This week's meal plan ditches meat in favor of plenty of fall vegetables. It's a boon for both my pantry and my grocery budget — because I'm overstocked with canned pumpkin, hearty grains, and squashes. Here are the five fall-inspired vegetarian recipes that I'm cooking for my family for the week ahead.
Welcome to This Week's Meal Plan
I believe meal planning is the secret to stress-free weeknight dinners. Since I'm frequently asked by friends and family what I'm cooking for dinner each week, I share my weekly meal plan here. Whether you're just learning to meal plan and looking for a real-life example of how this works or you're an old pro on the hunt for inspiration, here's a peek at how I'm feeding my family this week.
New to meal planning? Start here.
We are eating this quick and simple soup with biscuits from the freezer and lots of crispy, crunchy pepitas. I'm doubling the recipe so I can eat leftovers for lunch throughout the week ahead.
Tuesday: Tacos with Roasted Winter Vegetables
I've got an acorn and delicata squash waiting to be roasted. While I'm planning on using most of the roasted squash for these tacos, I'm counting on leftovers for Friday's pizza too.

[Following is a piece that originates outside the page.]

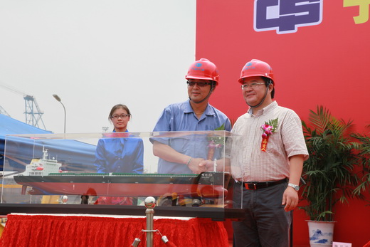 2012年8月10日上午,公司新建造的第3艘47500噸散貨船命名交接船儀式在中海工業(yè)(江蘇)有限公司碼頭隆重舉行。董事長褚敏、總經(jīng)理董軍、副總經(jīng)理蔣海良、傅維欽,以及公司相關職能部門領導參加了命名交接船儀式。
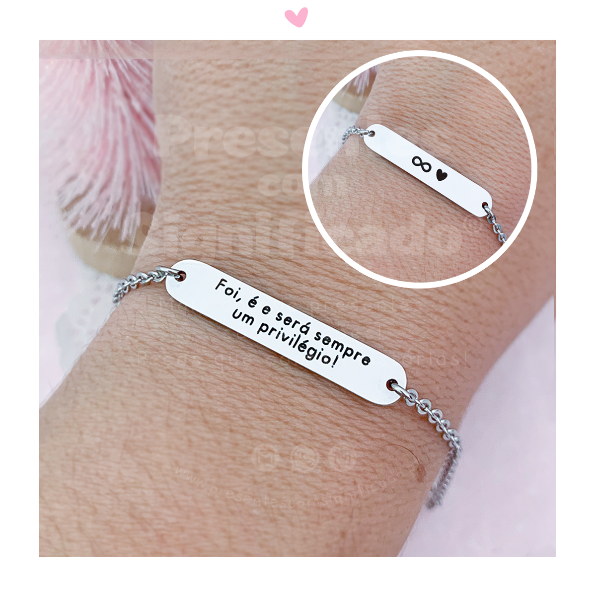 Pulseira c/ corrente totalmente em aço inoxidável e ajustável. Travessão retangular c/ texto gravado a seu gosto e é possível acrescentar gravação no verso.

Wednesday: Slow Cooker Coconut Lentil Curry
My kiddos love curry so I'm hoping this savory lentil version will be a dinner winner, and I'll serve it with toasted pita for dipping instead of over rice. We'll have sliced apples (from apple picking this weekend!) on the side.

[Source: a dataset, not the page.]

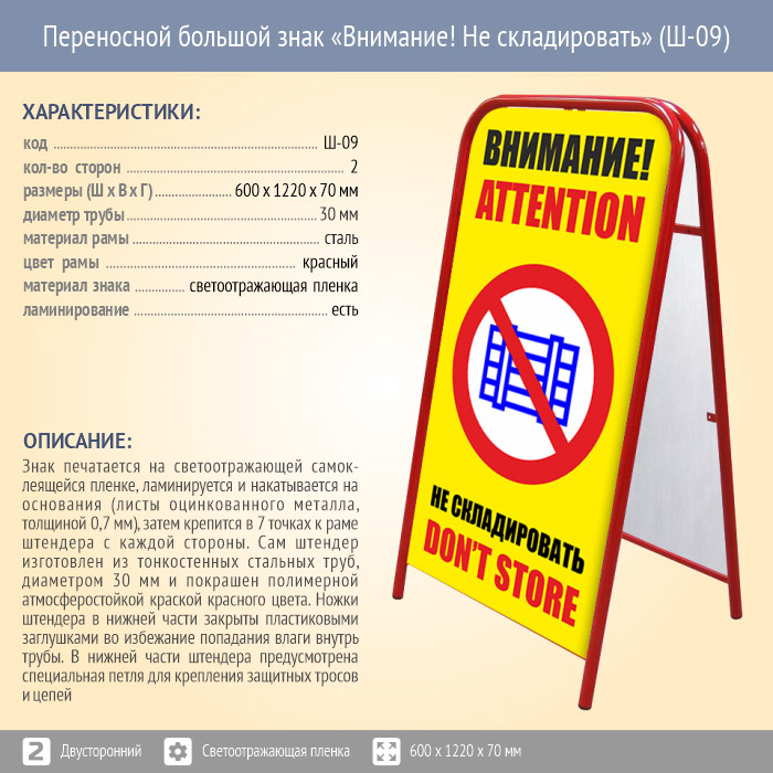 Переносной большой знак «Внимание! Не складировать» (Ш-09, двусторонний, светоотражающая пленка) в Новом Уренгое купить

Thursday: Fall Harvest Freekeh Salad
This is the most ambitious dinner this week, prep-wise, but I'm making it come together faster with air-fried sweet potatoes and pre-made barley from the freezer. I'm swapping canned chickpeas for the black beans because that's what I need to use up in my pantry.
Friday: Veggie Supreme Pizza
Friday's pizza game plan is to partner all the leftover squash, sweet potatoes, and kale from early in the week with a red onion and some smoky mozzarella for this sheet pan pizza. Leftovers will also be Saturday's lunch.